César contestó chasqueando los dedos.
– Puede terminar en cuanto Magno y su Senado acudan a mí y me digan que puedo aspirar al consulado in absentia, mi querido Bruto
– Bah, eso es demasiado sentido común para hombres del talante de Catón -afirmó Calvino al ver que Bruto no contestaba- Mientras Catón viva, no llegarás a ningún acuerdo con Magno o su Senado.
– Soy consciente de eso.
César había cruzado el Helesponto para llegar a la provincia de Asia hacía tres nundinae con el objetivo de descender por el litoral egeo e inspeccionar los estragos causados por los republicanos en su desesperado esfuerzo por reunir flotas y dinero. Se había despojado a los templos de sus tesoros más preciosos. Se habían saqueado las cámaras acorazadas de los bancos, se había llevado a la bancarrota a los plutócratas y los publicani; gobernador de Siria más que de la provincia de Asia, Metelo Escipión había permanecido allí en su viaje desde Siria para reunirse con Pompeyo en Tesalia e ilegalmente había impuesto tributos sobre todo aquello que se le había ocurrido: las ventanas, las columnas, las puertas, los esclavos, el censo por cabezas, el grano, el ganado, las armas, la artillería y la compraventa de tierras. Al ver que el rendimiento no era suficiente, instituyó y recaudó impuestos provisionales para los diez años venideros, y ante las protestas de algunos lugareños, los ejecutó.

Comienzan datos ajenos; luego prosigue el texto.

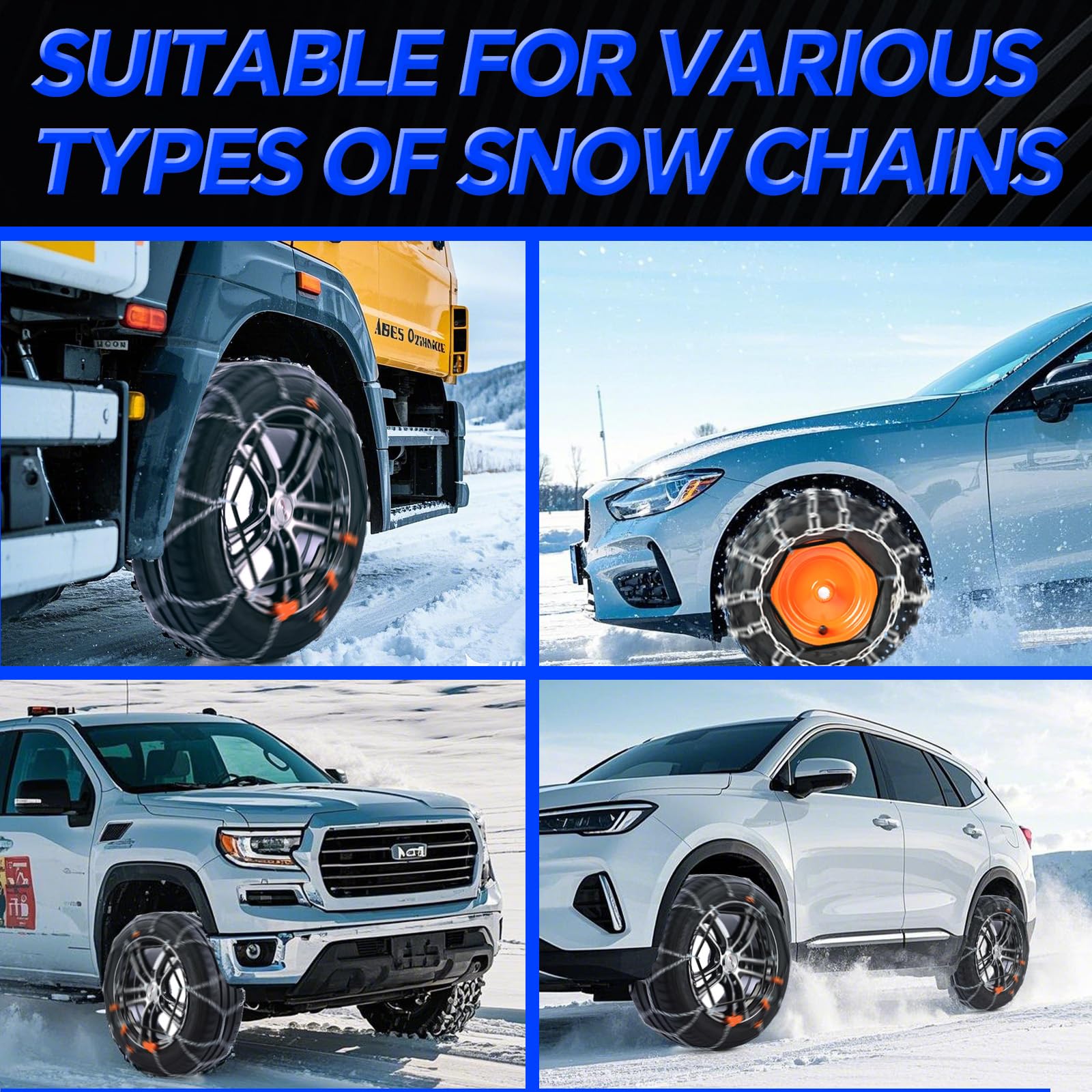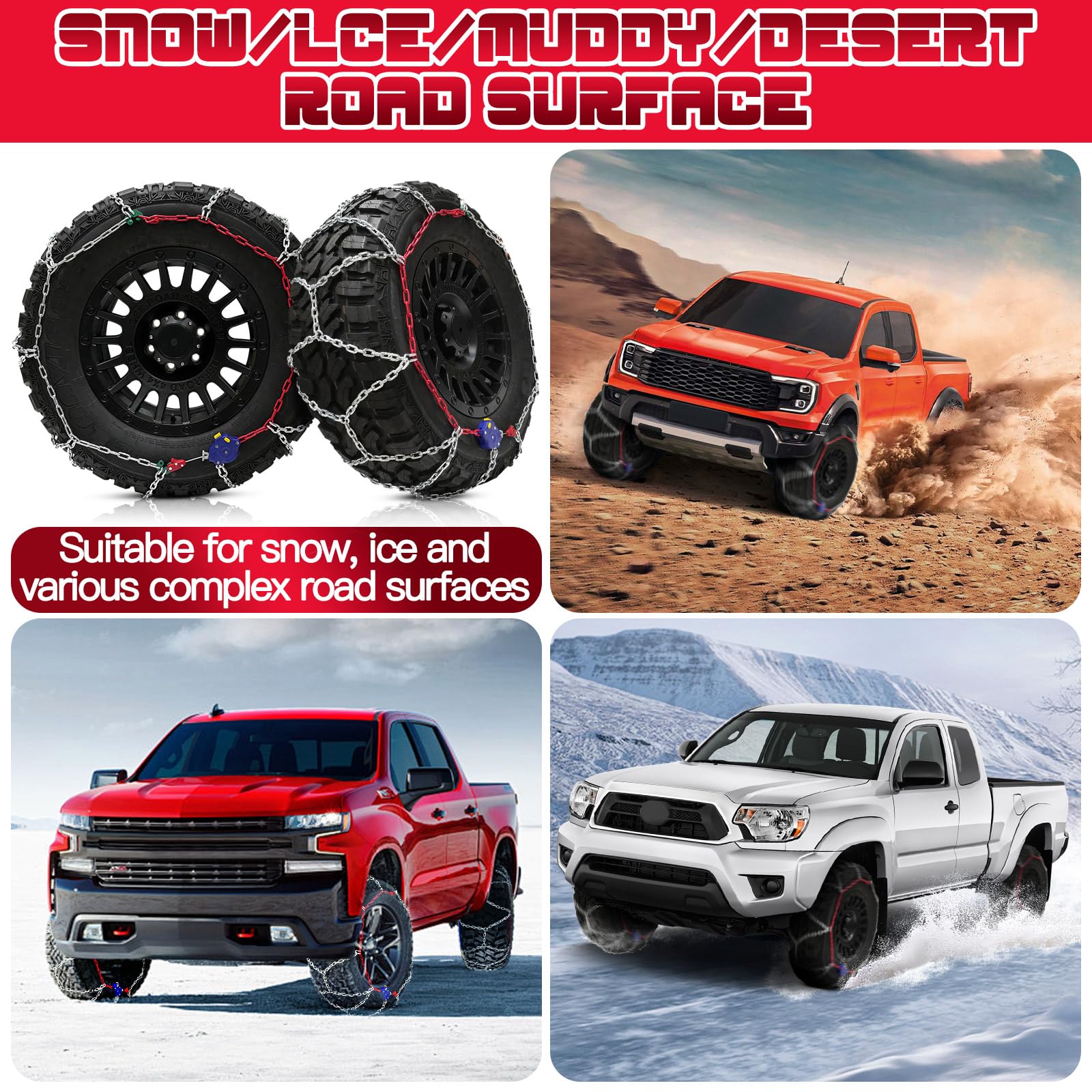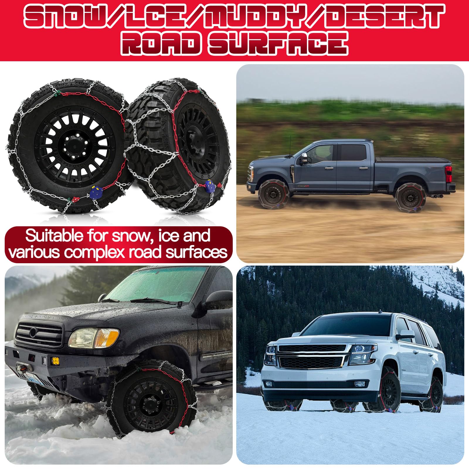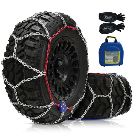- 【for Pickup Trucks and Off-Road SUV】Tire chains specifically designed for pickup trucks and off-road SUV, crafted from thick alloy manganese steel and do not break easily. The chain diameter is 4.5 mm for excellent traction and grip.

Aunque los informes que llevaron a Roma trataban más sobre la evidencia de la divinidad de César que sobre tales asuntos, de hecho el avance de César era a la vez una misión para recabar información y el inicio de la ayuda económica a una provincia incapacitada para prosperar. Así que habló con las autoridades municipales y comerciales, despidió a los publicani, condonó los tributos de toda clase por cinco años, dictó órdenes para que los tesoros encontrados en diversos almacenes de Farsalia fueran devueltos a los templos de donde habían salido, y prometió que tan pronto como se hubiera establecido un buen gobierno en Roma, adoptaría medidas más específicas para auxiliar a la pobre provincia de Asia.
Razón por la cual, pensó Cneo Domitio Calvino observando a César mientras leía los papeles dispersos sobre su mesa allí en Rodas, la provincia de Asia tiende a verlo como a un dios. El último hombre que había comprendido el funcionamiento de la economía y a la vez había tenido trato con Asia había sido Sila, cuyo justo sistema impositivo fue abolido quince años después ni más ni menos que por Pompeyo Magno. Quizá, reflexionó Calvino, sea necesario un anciano patricio para apreciar las obligaciones de Roma con sus provincias. Los demás no tenemos los pies tan firmemente anclados en el pasado, así que tendemos a vivir en el presente más que a pensar en el futuro.